**** Data to process ****

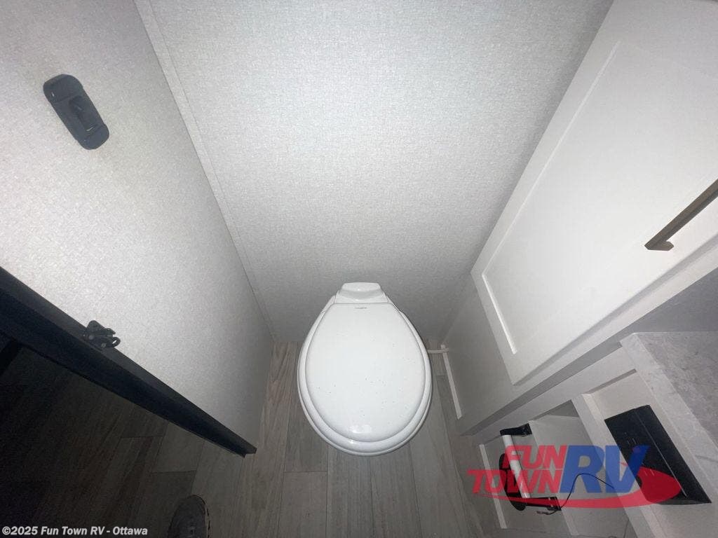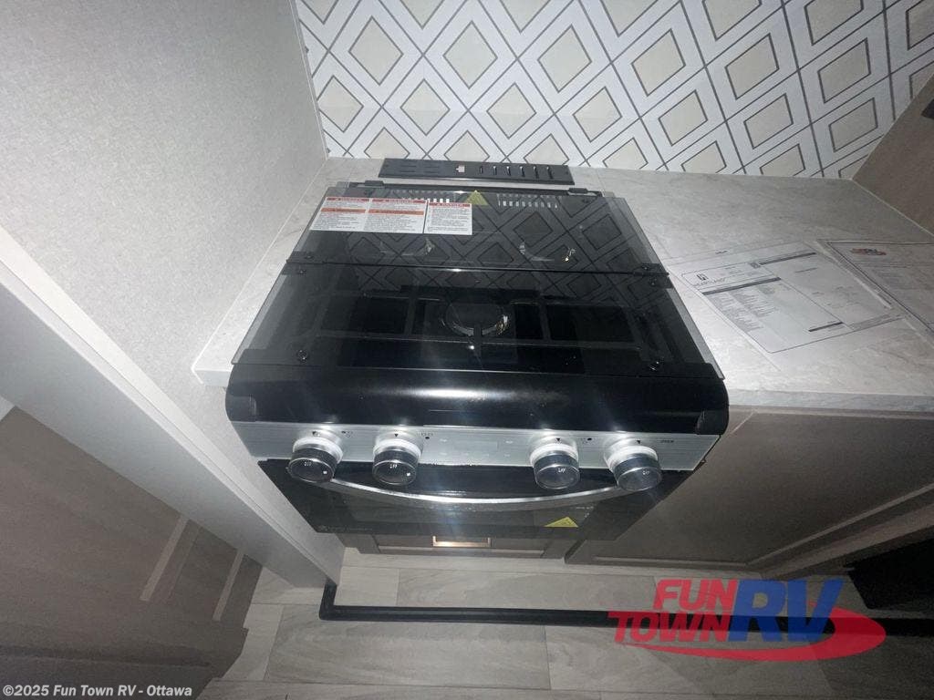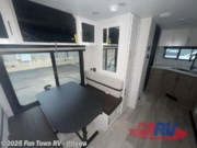 At the front of the trailer, you'll find a versatile 60" x 75" queen Murphy bed that easily converts into a 60" Jack Knife sofa, offering comfortable seating during the day and a cozy sleeping space at night. The slide-out expands the living area with a 60" theater seat, perfect for relaxing, while also housing a fully equipped kitchen with a three-burner range and an 11 cu. ft. refrigerator, making meal prep easy and convenient. Across from the slide, a spacious 38" x 68" dinette provides additional seating for meals, games, or gathering, situated right next to a pantry for storing all your dry goods. In the rear corner, the bathroom includes a roomy 40" shower, a foot-flush toilet, and a linen closet to keep towels and essentials neatly organized and within reach.
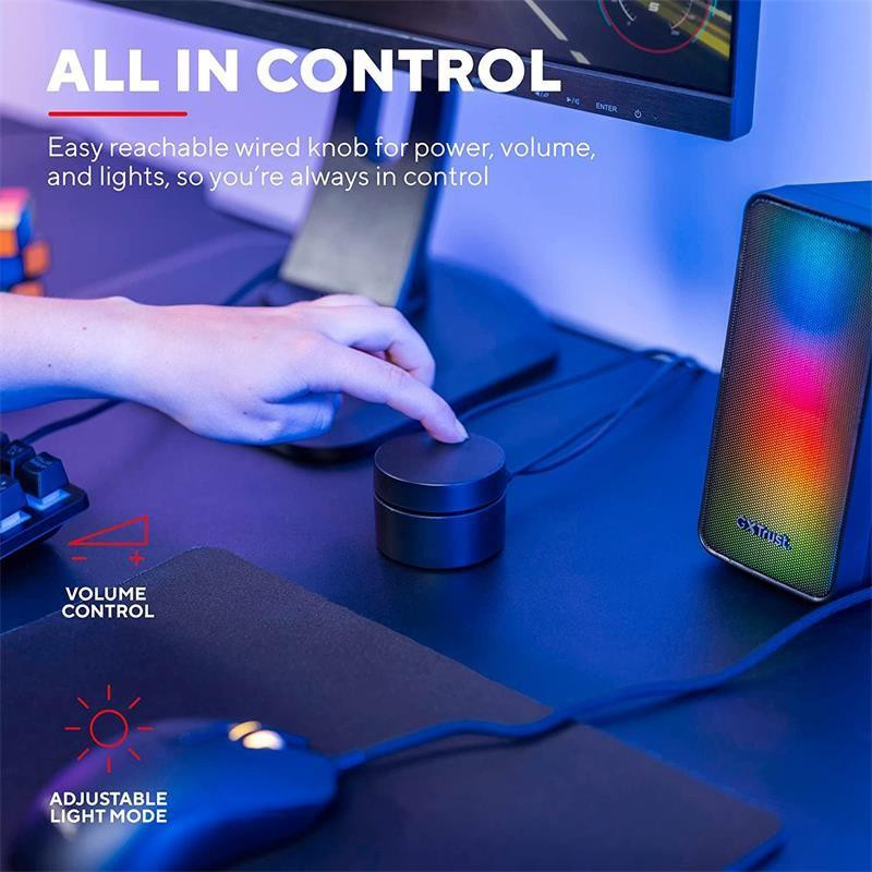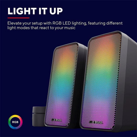 Sumérgete en un mundo de sonido vibrante e iluminación personalizable con los altavoces Trust Wezz GXT 611 RGB 2.0. Diseñados para ofrecer una experiencia de audio inmersiva, estos altavoces son perfectos para juegos, música y películas.
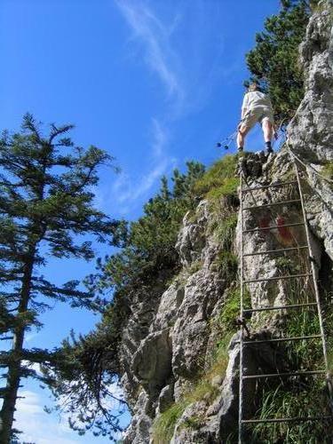 Auf den letzten 100 Höhenmetern wird es etwas ausgesetzter. Die schwierigsten Stellen sind durch 4 Leitern und einige Drahtseile entschärft
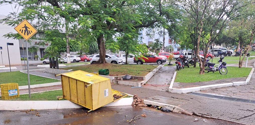 Na Rua do Comércio, pelo menos quatro motocicletas que estavam estacionadas caíram em virtude dos fortes ventos.
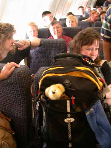 I had to make a phone call to take care of some lose ends that I left behind in Jeffersonville, and I'd rather not go into what happened, all I'm going to say is you can do that in Indiana! (I heard that the Cincinati jails are none to hospitable, lets just leave it at that!). It was decided that I would spend the rest of the flight in Kim's backpack....

****

* [Activity]:
Make an exact copy of only those lines that run from the line with "Auf den letzten" through the end of the records, excluding pictures.

* [Answer space]:
 Auf den letzten 100 Höhenmetern wird es etwas ausgesetzter. Die schwierigsten Stellen sind durch 4 Leitern und einige Drahtseile entschärft
 Na Rua do Comércio, pelo menos quatro motocicletas que estavam estacionadas caíram em virtude dos fortes ventos.
 I had to make a phone call to take care of some lose ends that I left behind in Jeffersonville, and I'd rather not go into what happened, all I'm going to say is you can do that in Indiana! (I heard that the Cincinati jails are none to hospitable, lets just leave it at that!). It was decided that I would spend the rest of the flight in Kim's backpack....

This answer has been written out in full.